[[ DATA TO USE open ]]
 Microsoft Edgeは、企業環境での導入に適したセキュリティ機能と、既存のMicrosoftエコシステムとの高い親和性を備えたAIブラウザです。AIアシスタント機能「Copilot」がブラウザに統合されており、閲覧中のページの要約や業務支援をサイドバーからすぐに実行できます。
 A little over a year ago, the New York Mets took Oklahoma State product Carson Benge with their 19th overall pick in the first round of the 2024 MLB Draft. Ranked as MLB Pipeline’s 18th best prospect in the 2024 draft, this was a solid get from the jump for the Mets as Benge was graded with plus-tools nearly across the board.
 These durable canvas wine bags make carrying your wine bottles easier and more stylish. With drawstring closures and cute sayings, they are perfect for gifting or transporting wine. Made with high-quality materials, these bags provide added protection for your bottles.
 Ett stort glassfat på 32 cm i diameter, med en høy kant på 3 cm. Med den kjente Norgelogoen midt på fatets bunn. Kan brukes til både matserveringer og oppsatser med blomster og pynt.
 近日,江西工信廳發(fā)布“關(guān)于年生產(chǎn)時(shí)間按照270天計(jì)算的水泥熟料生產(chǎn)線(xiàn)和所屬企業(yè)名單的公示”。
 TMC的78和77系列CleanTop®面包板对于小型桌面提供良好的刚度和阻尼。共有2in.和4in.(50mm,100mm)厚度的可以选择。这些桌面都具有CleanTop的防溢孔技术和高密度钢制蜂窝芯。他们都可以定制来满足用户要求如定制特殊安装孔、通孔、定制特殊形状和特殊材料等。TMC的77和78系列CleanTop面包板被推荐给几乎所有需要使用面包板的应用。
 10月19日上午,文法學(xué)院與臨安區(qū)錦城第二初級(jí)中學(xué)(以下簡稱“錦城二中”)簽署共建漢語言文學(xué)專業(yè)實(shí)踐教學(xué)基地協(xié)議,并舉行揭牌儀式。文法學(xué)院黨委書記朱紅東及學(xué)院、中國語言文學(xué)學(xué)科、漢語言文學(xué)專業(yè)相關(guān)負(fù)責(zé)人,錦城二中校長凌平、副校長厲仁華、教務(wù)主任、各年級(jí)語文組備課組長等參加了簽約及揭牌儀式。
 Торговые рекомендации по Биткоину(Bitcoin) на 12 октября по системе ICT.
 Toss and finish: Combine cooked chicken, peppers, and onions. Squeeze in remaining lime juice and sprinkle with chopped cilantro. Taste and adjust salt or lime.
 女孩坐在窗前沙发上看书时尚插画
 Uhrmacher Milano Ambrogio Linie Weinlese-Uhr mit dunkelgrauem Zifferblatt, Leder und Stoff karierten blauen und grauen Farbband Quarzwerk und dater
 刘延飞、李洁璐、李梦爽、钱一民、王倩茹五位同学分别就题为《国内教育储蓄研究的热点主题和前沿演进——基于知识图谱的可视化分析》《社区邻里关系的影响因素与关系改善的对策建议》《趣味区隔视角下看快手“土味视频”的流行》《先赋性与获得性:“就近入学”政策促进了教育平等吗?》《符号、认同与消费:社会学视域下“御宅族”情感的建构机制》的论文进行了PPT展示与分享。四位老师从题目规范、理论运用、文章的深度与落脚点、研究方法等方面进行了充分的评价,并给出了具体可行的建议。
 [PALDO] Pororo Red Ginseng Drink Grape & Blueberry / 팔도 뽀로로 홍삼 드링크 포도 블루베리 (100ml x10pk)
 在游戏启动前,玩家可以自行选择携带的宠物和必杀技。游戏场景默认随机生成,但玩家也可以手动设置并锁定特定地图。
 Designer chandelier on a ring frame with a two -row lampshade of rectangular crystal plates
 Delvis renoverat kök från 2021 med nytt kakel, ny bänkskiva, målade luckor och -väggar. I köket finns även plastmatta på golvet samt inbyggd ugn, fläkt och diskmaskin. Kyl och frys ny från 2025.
[[ DATA TO USE closed ]]
→ **WHAT YOU ARE ASKED TO DO**
All lines in the records that contain "guān" are to be copied and returned.

→ **OUTPUT OF THE EXERCISE**
 近日,江西工信廳發(fā)布“關(guān)于年生產(chǎn)時(shí)間按照270天計(jì)算的水泥熟料生產(chǎn)線(xiàn)和所屬企業(yè)名單的公示”。
 10月19日上午,文法學(xué)院與臨安區(qū)錦城第二初級(jí)中學(xué)(以下簡稱“錦城二中”)簽署共建漢語言文學(xué)專業(yè)實(shí)踐教學(xué)基地協(xié)議,并舉行揭牌儀式。文法學(xué)院黨委書記朱紅東及學(xué)院、中國語言文學(xué)學(xué)科、漢語言文學(xué)專業(yè)相關(guān)負(fù)責(zé)人,錦城二中校長凌平、副校長厲仁華、教務(wù)主任、各年級(jí)語文組備課組長等參加了簽約及揭牌儀式。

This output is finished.